WHAT THE TASK REQUIRES →
Please restate, word for word, the lines below that begin at the one with "The crescent Moon" and end at the one with "In the QuickSight". Leave out all other lines.

SOURCE INFORMATION →
--------------------
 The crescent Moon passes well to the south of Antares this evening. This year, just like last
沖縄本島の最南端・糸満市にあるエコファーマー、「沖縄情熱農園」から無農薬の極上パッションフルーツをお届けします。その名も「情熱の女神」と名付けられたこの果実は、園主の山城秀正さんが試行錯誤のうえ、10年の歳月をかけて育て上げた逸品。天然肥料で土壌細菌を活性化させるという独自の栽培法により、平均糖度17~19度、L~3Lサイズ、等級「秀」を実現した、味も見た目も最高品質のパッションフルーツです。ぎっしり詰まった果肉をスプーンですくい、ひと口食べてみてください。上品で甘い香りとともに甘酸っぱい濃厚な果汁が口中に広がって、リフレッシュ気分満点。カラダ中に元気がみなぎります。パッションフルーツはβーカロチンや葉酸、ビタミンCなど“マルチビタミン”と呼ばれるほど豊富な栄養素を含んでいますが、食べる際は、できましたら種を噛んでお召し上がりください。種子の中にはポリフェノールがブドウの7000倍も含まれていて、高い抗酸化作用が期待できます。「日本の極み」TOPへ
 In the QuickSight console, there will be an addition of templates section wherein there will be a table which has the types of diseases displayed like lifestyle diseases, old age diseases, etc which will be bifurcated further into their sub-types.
--------------------
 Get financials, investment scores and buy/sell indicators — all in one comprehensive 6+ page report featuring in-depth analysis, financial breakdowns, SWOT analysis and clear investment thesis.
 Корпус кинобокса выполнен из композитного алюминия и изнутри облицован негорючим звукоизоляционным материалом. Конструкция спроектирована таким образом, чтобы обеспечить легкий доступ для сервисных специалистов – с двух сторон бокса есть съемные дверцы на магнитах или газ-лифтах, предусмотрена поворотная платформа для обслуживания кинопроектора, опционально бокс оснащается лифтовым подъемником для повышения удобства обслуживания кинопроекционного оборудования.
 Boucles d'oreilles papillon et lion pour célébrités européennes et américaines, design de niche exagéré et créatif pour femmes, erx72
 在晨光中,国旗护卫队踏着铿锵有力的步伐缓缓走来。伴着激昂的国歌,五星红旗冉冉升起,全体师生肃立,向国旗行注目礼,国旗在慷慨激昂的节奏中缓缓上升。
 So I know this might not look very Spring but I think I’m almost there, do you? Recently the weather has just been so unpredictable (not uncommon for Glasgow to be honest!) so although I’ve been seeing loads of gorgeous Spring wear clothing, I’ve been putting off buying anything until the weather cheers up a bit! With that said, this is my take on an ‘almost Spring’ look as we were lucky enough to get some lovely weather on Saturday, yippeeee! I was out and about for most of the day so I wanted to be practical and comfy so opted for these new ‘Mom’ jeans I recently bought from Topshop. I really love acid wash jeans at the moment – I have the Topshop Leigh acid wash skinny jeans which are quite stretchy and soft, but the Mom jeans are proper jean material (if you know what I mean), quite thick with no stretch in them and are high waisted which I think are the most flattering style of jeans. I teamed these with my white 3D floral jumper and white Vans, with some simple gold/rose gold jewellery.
--------------------
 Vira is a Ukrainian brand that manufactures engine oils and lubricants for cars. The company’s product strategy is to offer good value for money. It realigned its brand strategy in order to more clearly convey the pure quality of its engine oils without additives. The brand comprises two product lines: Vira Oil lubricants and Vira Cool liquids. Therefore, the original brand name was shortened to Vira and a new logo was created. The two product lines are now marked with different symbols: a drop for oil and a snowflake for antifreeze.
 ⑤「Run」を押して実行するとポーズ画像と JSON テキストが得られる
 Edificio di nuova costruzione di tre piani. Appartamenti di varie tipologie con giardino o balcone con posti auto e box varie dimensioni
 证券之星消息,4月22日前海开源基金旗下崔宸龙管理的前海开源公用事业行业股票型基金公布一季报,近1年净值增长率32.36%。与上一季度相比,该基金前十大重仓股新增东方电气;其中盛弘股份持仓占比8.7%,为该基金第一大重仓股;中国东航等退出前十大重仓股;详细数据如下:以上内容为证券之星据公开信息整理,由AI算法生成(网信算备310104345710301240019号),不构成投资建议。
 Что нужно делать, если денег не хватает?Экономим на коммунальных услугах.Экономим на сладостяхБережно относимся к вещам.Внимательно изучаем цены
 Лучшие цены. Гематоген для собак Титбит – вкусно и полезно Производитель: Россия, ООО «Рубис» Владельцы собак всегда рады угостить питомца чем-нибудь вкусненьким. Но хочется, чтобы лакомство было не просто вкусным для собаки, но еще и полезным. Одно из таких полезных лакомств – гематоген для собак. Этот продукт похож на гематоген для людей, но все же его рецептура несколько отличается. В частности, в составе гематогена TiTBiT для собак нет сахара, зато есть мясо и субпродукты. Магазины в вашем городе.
--------------------
SOLUTION TO THIS PROBLEM →
 The crescent Moon passes well to the south of Antares this evening. This year, just like last
沖縄本島の最南端・糸満市にあるエコファーマー、「沖縄情熱農園」から無農薬の極上パッションフルーツをお届けします。その名も「情熱の女神」と名付けられたこの果実は、園主の山城秀正さんが試行錯誤のうえ、10年の歳月をかけて育て上げた逸品。天然肥料で土壌細菌を活性化させるという独自の栽培法により、平均糖度17~19度、L~3Lサイズ、等級「秀」を実現した、味も見た目も最高品質のパッションフルーツです。ぎっしり詰まった果肉をスプーンですくい、ひと口食べてみてください。上品で甘い香りとともに甘酸っぱい濃厚な果汁が口中に広がって、リフレッシュ気分満点。カラダ中に元気がみなぎります。パッションフルーツはβーカロチンや葉酸、ビタミンCなど“マルチビタミン”と呼ばれるほど豊富な栄養素を含んでいますが、食べる際は、できましたら種を噛んでお召し上がりください。種子の中にはポリフェノールがブドウの7000倍も含まれていて、高い抗酸化作用が期待できます。「日本の極み」TOPへ
 In the QuickSight console, there will be an addition of templates section wherein there will be a table which has the types of diseases displayed like lifestyle diseases, old age diseases, etc which will be bifurcated further into their sub-types.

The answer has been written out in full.